2021-03-10 Thread Saiyang Gou


Saiyang Gou  added the comment:

We understand that audit hooks should not be used to build a sandbox with 
Python. It is natural for audit hooks to appear in CTF challenges though, as 
many CTF challenges intentionally try to use a wrong way to secure a system 
(and let players prove it wrong).

With that being said, audit hooks should still be robust, even for logging 
purposes. We are no trying to prevent all kinds of malicious behaviors, but we 
want to detect them *as much as possible*. If audit hooks can be easily removed 
while triggering very few seemingly non-sensitive audit events (in this CTF 
challenge, only "import gc" is triggered, which probably looks "no so 
suspicious"), this allows attackers to hide details of further malicious 
behavior without being audited, which violated the motivation of audit hooks 
(to increase security transparency).

The recent gc patch introduced new events which will make the attack in that 
CTF challenge look more suspicious. But probably it is still better to harden 
the current data structure used to store per interpreter audit hooks. If an 
attacker happens to gain a reference to the list holding the hooks (although 
I'm not sure how that will still be possible without using `gc`), they can 
easily remove the hooks at the Python language level.

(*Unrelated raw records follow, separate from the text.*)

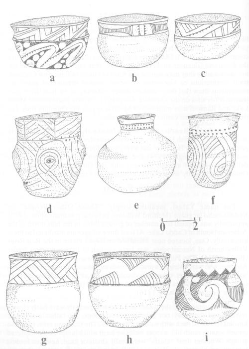 Belcher pottery was superior to that of the Bossier people and, indeed, is some of the best in the entire Caddoan area. There was a diversity of bowl, bottle, urn, jar, vase, miniature, and compound forms. Large storage ollas were found broken on house floors. Techniques of decoration involved engraving, stamping, incising, trailing, ridging, punctating, brushing, applique nodes, insertion of red or white pigment into designs, red slipping, polishing, pedestal elevation, rattle bowls, bird and turtle effigies, and tripod and tetrapod legs. Many of the vessels had ornate or intricate curvilinear designs, with scrolls, circles, meanders, spirals, and guilloches; sun symbols, crosses, swastikas, and triskeles were added.
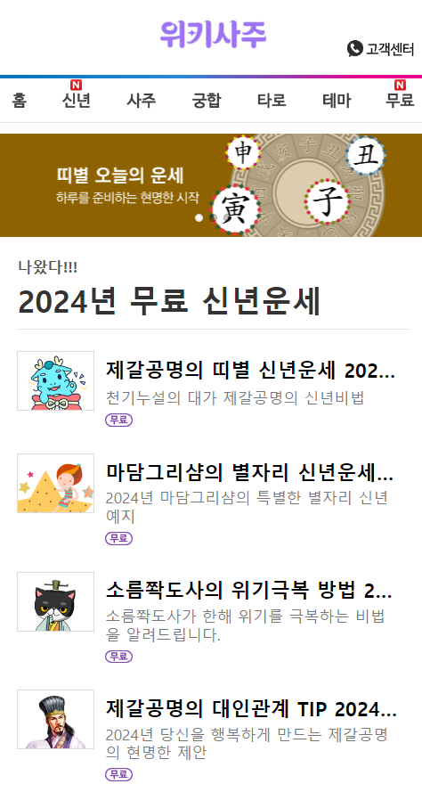 그런 관점에서 비용과 신뢰도의 문제를 해소할 수 있는 신년운세 상품이 출시됐다. 수년간 사주·운세 전문 사이트를 운영해 온 ‘사주닷컴’과 젊은 세대에게 다양한 뉴스를 재미있고 빠르게 전하는 소셜 뉴스 매체 ‘위키트리’ 가 힘을 합쳐 만든 운세 전문 사이트 ‘위키사주’에서 15종의 신년운세를 무료로 출시했다. (15종 무료 신년운세 보러가기)
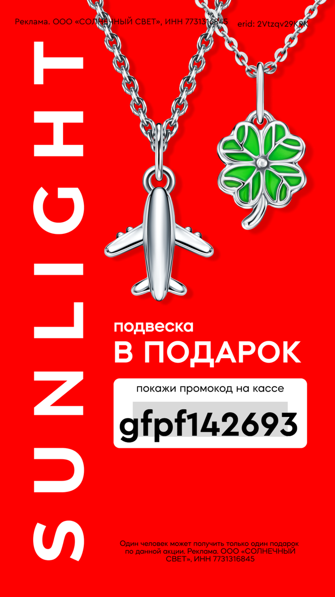 Только до 30 ноября! Уникальный подарок от SUNLIGHT 🗓️ Внимание, ловите момент! Ровно до 30 ноября в SUNLIGHT по промокоду gfpf142693 можно получить изящную подвеску совершенно бесплатно. Это не шутка! Такой шанс упускать нельзя. Это идеальный повод заглянуть в магазин за порцией позитива и маленьким блестящим счастьем. Мой совет — скриньте прямо сейчас и бегите в SUNLIGHT! Потом будете жалеть, что не успели. https://sunlight.prfl.me/candies92/ianj9u?erid=2Vtzqv29K9K
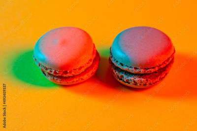 Close-up of macarons cakes of different colors .Culinary and cooking concept. Tasty colorful macaroons.
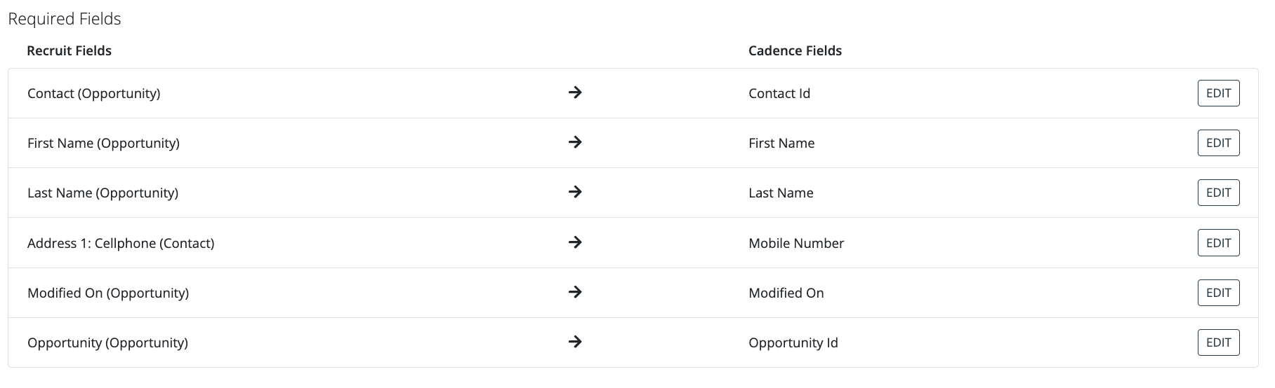 - To bring over any updates on the contact (opportunity + person), you will want to create a new field in Recruit and remap the Modified On to that new field.
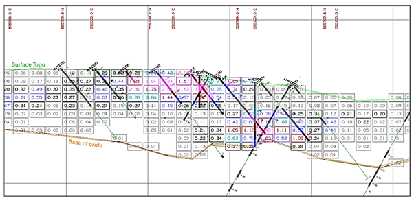 Figure 5: Simplified geological section through the Akoko North resource area showing the outline of the mineralization within the oxide zone.
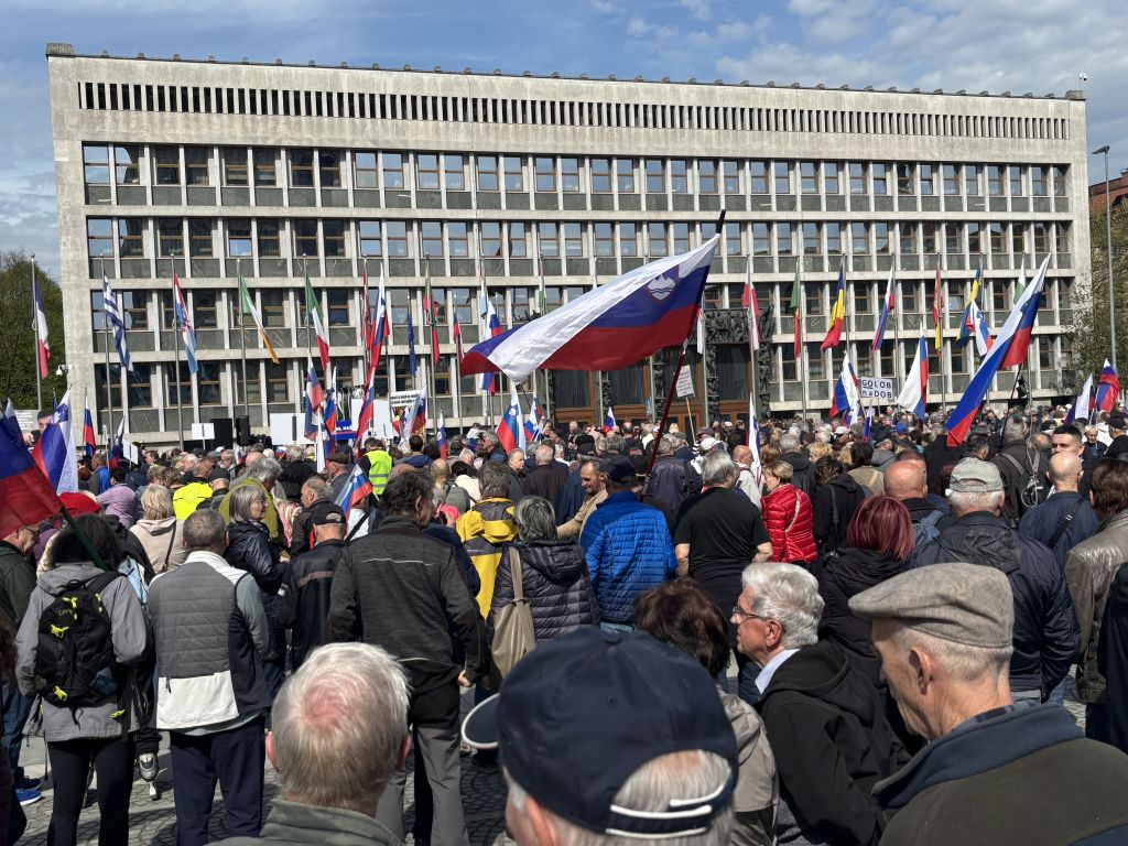Na shodu proti korupciji pred poslopjem parlamenta se je danes zbralo na tisoče ljudi, ki glasno opozarjajo na kriminalne prakse zakulisja leve slovenske politike, ki so jih razkrinkali posnetki, ki so pred volitvami zaokrožili na spletu in v javnosti. Na Trgu republike v prestolnici plapolajo številne slovenske zastave, pa tudi pomenljivi transparenti, uperjeni zlasti proti predstavnikom odhajajoče vlade, pa tudi ljubljanske mestne oblasti oziroma župana Zorana Jankovića. Tako na transparentih lahko beremo napise, kot so »Naš denar ni vaš plen«, »Ne korupciji – za pošteno Slovenijo«, »Korupcija krade našo prihodnost« in podobne. Da je prav korupcija ključni problem države, je v nagovoru izpostavil tudi predsednik SDS Janez Janša.
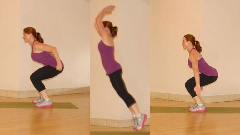 Tienes que ponerte en cuclillas con las manos detrás de la nuca y comenzar a brincar hacía a delante, de una pared a otra (dependiendo de la distancia puede ser menos).

Probably a Python tuple 
is already better than a Python list to store the hooks, since tuples are 
immutable at the language level. Although that means we should build new a 
tuple each time a new hook is added.

If the hook itself is fragile (e.g. a hook written in Python which relies on 
global variables), it is a user fault. But if the hook function itself is good, 
it shouldn't be too easy to remove. Any successful attempts to remove the hook 
must have already "pwned" the Python interpreter (i.e. gained arbitrary memory 
read/write or native code execution ability), either by using ctypes, by 
open('/proc/self/mem'), by crafting bytecode (which triggers code.__new__) or 
importing modules written in native code. (Overwriting hook.__code__ triggers 
object.__setattr__.)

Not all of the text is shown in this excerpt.